CloudSoda Release 25.10 – Cloud Soda

Release 25.10 brings significant performance optimizations to file scanning and reports along with enhanced flexibility for data governance workflows. This update also introduces deeper integration with PowerScale quotas, expands our global connectivity options, and significantly accelerates onboarding with new bulk provisioning tools.

Highlights

Accelerated Windows Scanning: We’ve optimized how the platform interacts with Windows file systems, resulting in scan speeds up to 2x faster by reducing system call overhead.
Rapid Resource Onboarding: A new CLI-based bulk provisioning tool allows administrators to configure storages, agents, and scopes via CSV, replacing manual clicking with automated, idempotent execution.
Decoupled Duplicate Detection: Duplicate detection is now a standalone, schedulable job. This allows for dedicated storage analysis without tying up resources during standard indexing scans.
Real-Time PowerScale Quotas: A new API interface provides near real-time tracking of PowerScale quota metrics, offering better visibility into storage limits and usage.
Metadata Preservation: Enhanced data fidelity options now allow you to preserve object metadata when transferring between buckets across AWS, Google Cloud, and Azure.

New Features

Data Orchestration

Bulk Resource Provisioning (CLI): We have introduced a new command-line tool designed to streamline onboarding and large-scale configuration.
- CSV-Driven Setup: Users can now provision multiple storages, accessors, agents, and scope assignments in a single operation by uploading a defined CSV file.
- Idempotent & Safe: The tool is built to be idempotent—it verifies if resources already exist before attempting creation, preventing duplication errors. It also includes specific validation logic for SMB accessors to ensure connection integrity.
- Operational Velocity: This feature significantly reduces the risk of manual configuration errors and dramatically speeds up the deployment of complex multi-storage environments.
Metadata Preservation Control (API Only): Added a specific job option to preserve metadata stored on objects during transfers between S3, GCS, and Azure buckets. This ensures critical context travels with your data during migrations.
PowerScale Quota Visibility (API Only): Users can now access a read-only interface for PowerScale quota metrics via GraphQL. This includes support for filtering by path and thresholds, providing immediate insight into storage consumption versus limits.
Agent Network Diagnostics: Added a ping command to the Agent CLI. This allows administrators to test network connectivity and peer-to-peer mesh status directly from the agent for faster troubleshooting. E.g. soda ping <orgid>.agent.cloudsoda.io

Data Intelligence

Standalone Duplicate Detection Jobs: Duplicate detection has been separated from standard scan jobs. You can now configure reports to run duplicate detection against specific storage targets independently, improving workflow flexibility and report accuracy.
Enhanced Search Filters:
- Time-Based Filtering: Added an Indexed Date filter to search results, helping users identify files based on when they were last processed by the system.
- Folder Picker: A new interactive folder tree in the Search section allows for precise selection of starting paths, eliminating the need to type paths manually.

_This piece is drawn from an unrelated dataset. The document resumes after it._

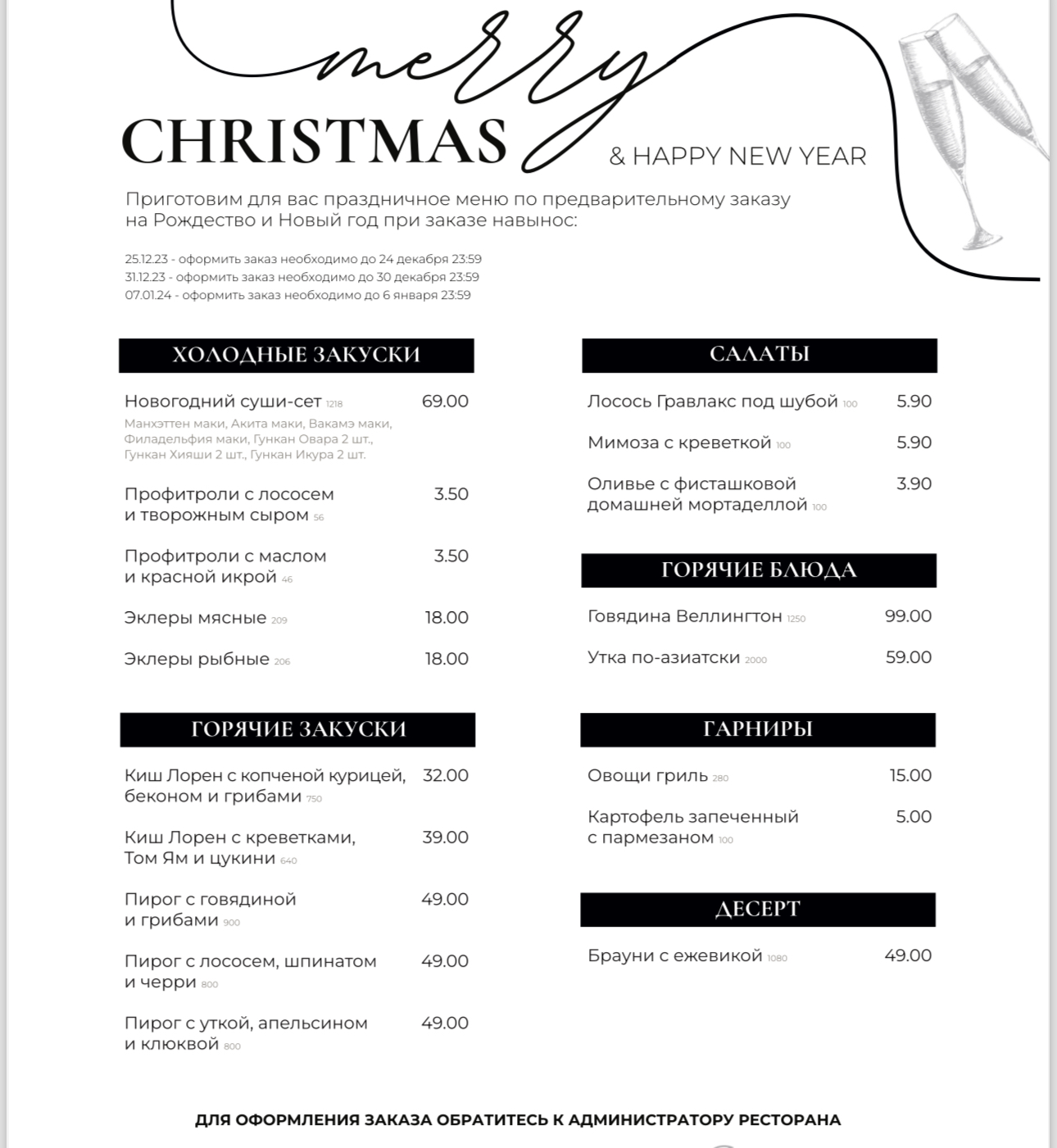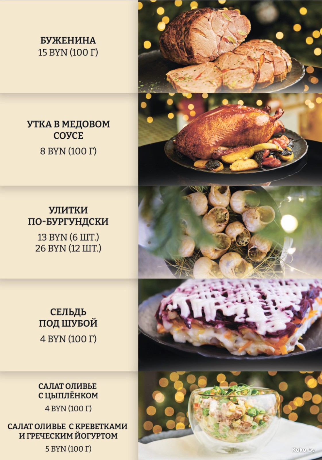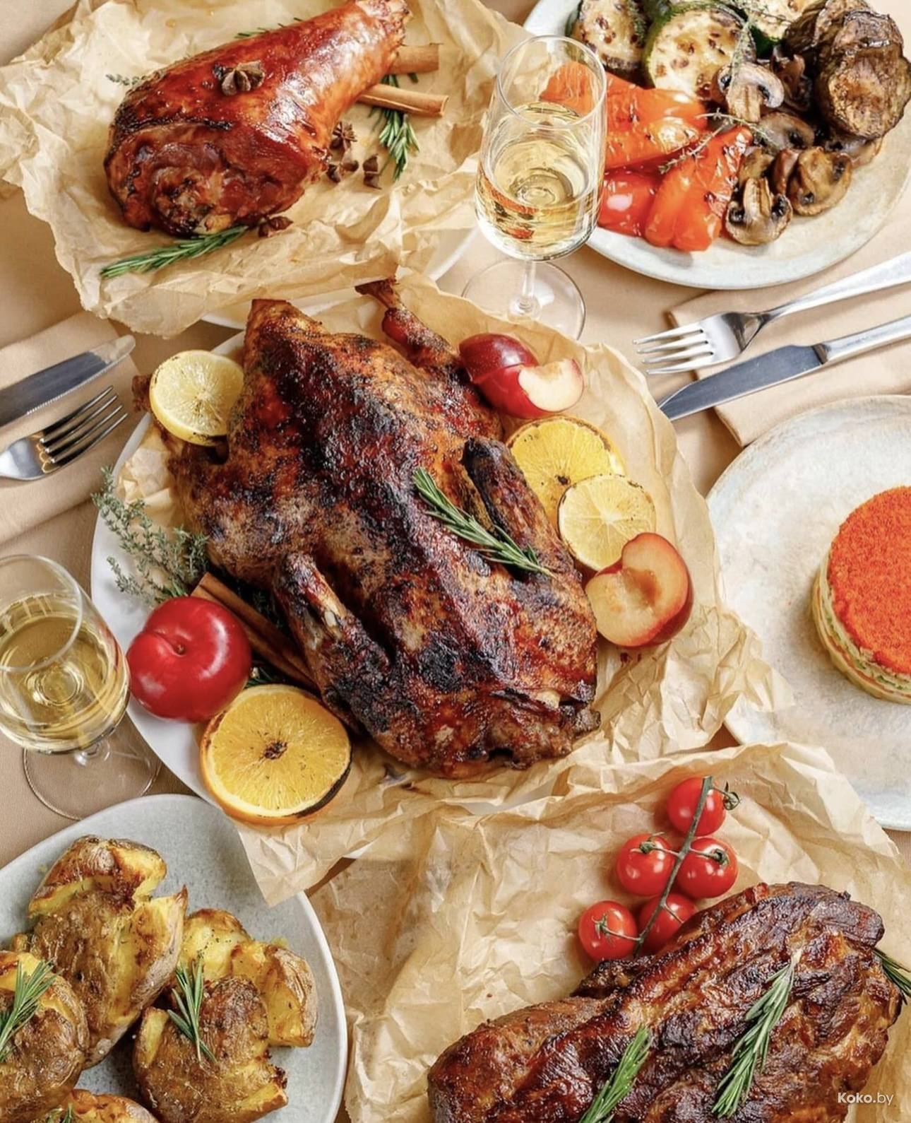 Каждый декабрь в деревнях искали, из каких харчевен заказать запечённую утку на бутылке, лосось под шубой, лазанью или Веллингтон. Признайтесь, ведь вы тоже не хотите стоять весь день за плитой, чтобы заснуть с бокалом шампанского под бой курантов. В этом году, как и в прошлые другие, заведения готовы принять удар на себя и освободить нас от строгания Оливьешек, запекания кур на бутылках и выпекания нежной говядины в слоёном тесте.
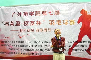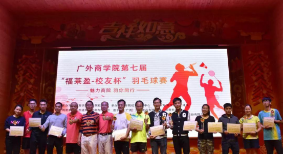 11月17日,bevictor伟德第七届“福莱盈—校友杯”羽毛球赛在广州月亮湖体育会银岭羽毛球馆顺利举办。本次比赛吸引来自广外bevictor伟德和校其他学院的120多名校友运动员的积极参赛。校友们分组成天河校友会河马队、广州小油条队、MBA队、佛山校友会队、白云校友会云海队、天河校友会天马队、91福莱盈赞助队、深圳校友队、广州海狼校友队等9支队伍,精神饱满,斗志昂扬,秉承“友谊第一,比赛第二”的信念,为大家展现出精湛的球技与拼搏向上的运动风采。bevictor伟德党委副书记罗海洋出席并致辞。

Feature Spotlight: Duplicate Detection Redesign

We have fully redesigned the duplicate detection feature. This new architecture transforms duplicate detection into a targeted, scalable reporting tool, giving you precise control over data hygiene and cost optimization.

Key Capabilities:

Custom Scheduling & Control: A new "Report" job type (found under Intelligence > Schedules) allows you to run duplicate detection independently of standard indexing scans.
Targeted Scope: You can now define exactly which storages or folders are analyzed. Compare on-prem vs. cloud, or check specific project folders without scanning the entire ecosystem.
Resource Protection: New job blocking logic prevents resource conflicts, ensuring report generation doesn’t impact ongoing operations.
Fault Tolerance: The system is now resilient to application restarts, ensuring long-running reports complete successfully.

Why the Change? Previously, duplicate detection was tied to scan jobs, which limited flexibility and could result in "polluted" results (e.g., flagging necessary backups as duplicates). The new engine separates detection from indexing, allowing for specific use cases like:

Deduplication within a single project.
Comparison between specific on-prem and cloud volumes.
Excluding specific "safe" zones from analysis.

Note: With this update, the legacy "isDuplicate" column and filters have been removed from the standard Search and File Management interfaces to prevent misleading data views.

Improvements & Enhancements

Performance & Reliability

Windows Scanning Optimization: Removed unnecessary metadata retrieval steps (inodes) during Windows file scans, significantly reducing kernel overhead and accelerating scan completion times.
Duplicate Detection Accuracy and Speed: Improved the underlying logic for duplicate detection to eliminate false positives and better manage memory usage during large-scale analysis resulting in a dramatically faster processing for large sets of files.
Resilient Indexing: Implemented smarter retry logic (exponential back-off) when the search index is under heavy load, preventing temporary congestion from failing entire scan jobs.
UI Responsiveness: Major updates to form handling (Policies, Jobs, Catalogs) have eliminated UI lag when editing complex configurations.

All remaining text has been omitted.